Sometimes and in some circumstances, this may seem true. But even then, words can always be read more closely, challenged and reframed. And this needs to come from us. Indeed, as Ted Chiang recently argued, the critically engaged business of reading, rereading and rewriting is precious precisely because it is how we learn to think well about the world: by entering into dialogue with our own and others' assumptions; by insistently asking how far what is being written or claimed does justice to the human histories, experiences and hopes at stake:
Sometimes it’s only in the process of writing that you discover your original ideas… Your first draft isn’t an unoriginal idea expressed clearly; it’s an original idea expressed poorly, and it is accompanied by your amorphous dissatisfaction, your awareness of the distance between what it says and what you want it to say.
Much like the art of conversation, this intellectually and emotionally active drawing out of meanings is not just a nice, optional distraction. It's at the heart of our capacity for relating richly to one another and the world.
Technology, I should emphasise, isn't inherently the enemy of any of this. But using and deploying it wisely demands precisely those things that many of its current forms (and creators) encourage us to ignore: careful, close readings of what is being said and done and enabled.
Similarly, the empty clichés of hype and over-claiming aren't just marketing, grift or PR. They're also active obstacles to better thinking, making and doing. Take this kind of phrase:
“The future of work is being transformed!”

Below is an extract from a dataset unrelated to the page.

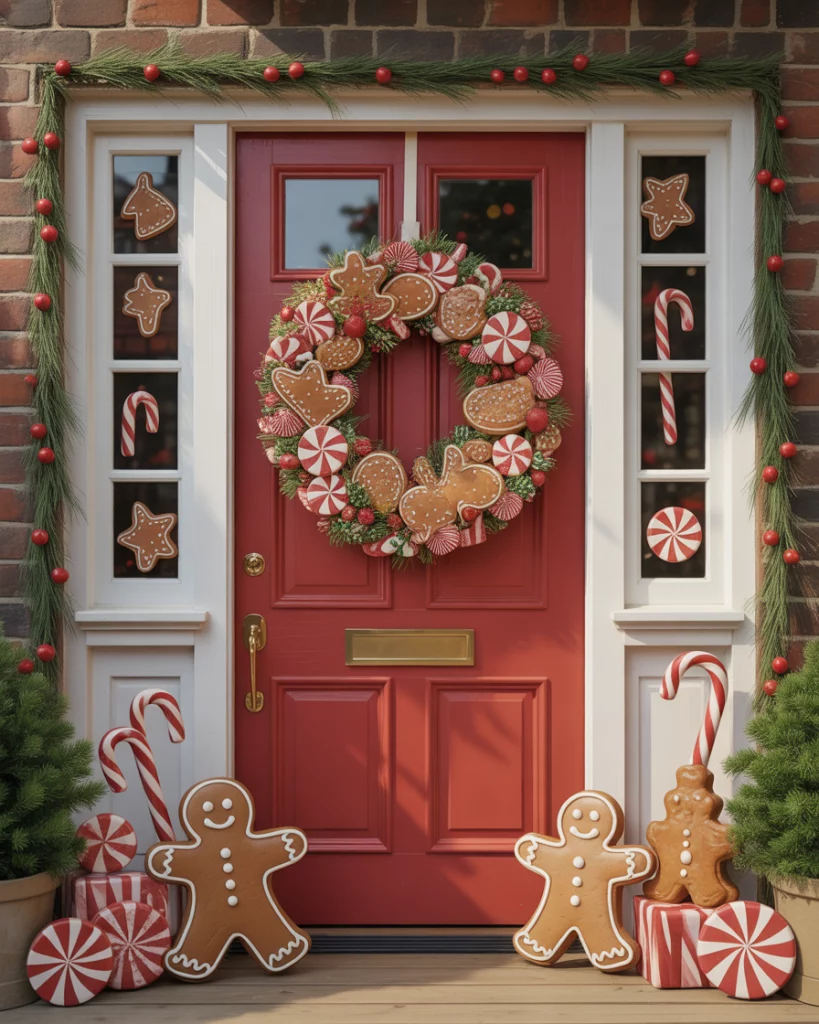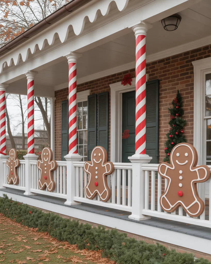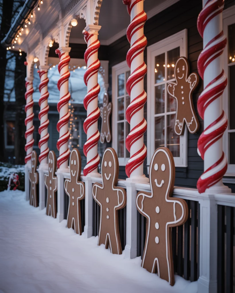 Elevate your outdoor holiday decor by turning your porch columns into giant gingerbread treats. Wrap them in brown craft paper to mimic cookie texture, then spiral wrap them with red and white ribbon to resemble oversized peppermint sticks. Add faux icing drips made from foam or fabric at the top, and place cardboard cookie cutouts along the porch rail. It’s a festive, easy setup that transforms your entryway without needing a full candy path.

What, exactly, is being claimed by people who say things like this? What are they really saying, and why are they saying it in this way? What is this “future” (a thing that does not and cannot yet exist) that is somehow being transformed before it has even happened? Whose work? How? What isn’t being addressed by this kind of hand-waving—or by the implication that technology is busy writing the book of the future on all our behalfs?
When it comes to the future of AI, I do not know whether we are creating new forms of intelligence. But I do know that we are creating something that demands curious, skeptical, rigorous, precise engagement—and that our capacity to achieve this is reliant upon words and ideas, debates and open-minded investigations.
We cannot afford to debase our words, or to take them too lightly.
We cannot afford to let others (whether or not they are human) speak for us.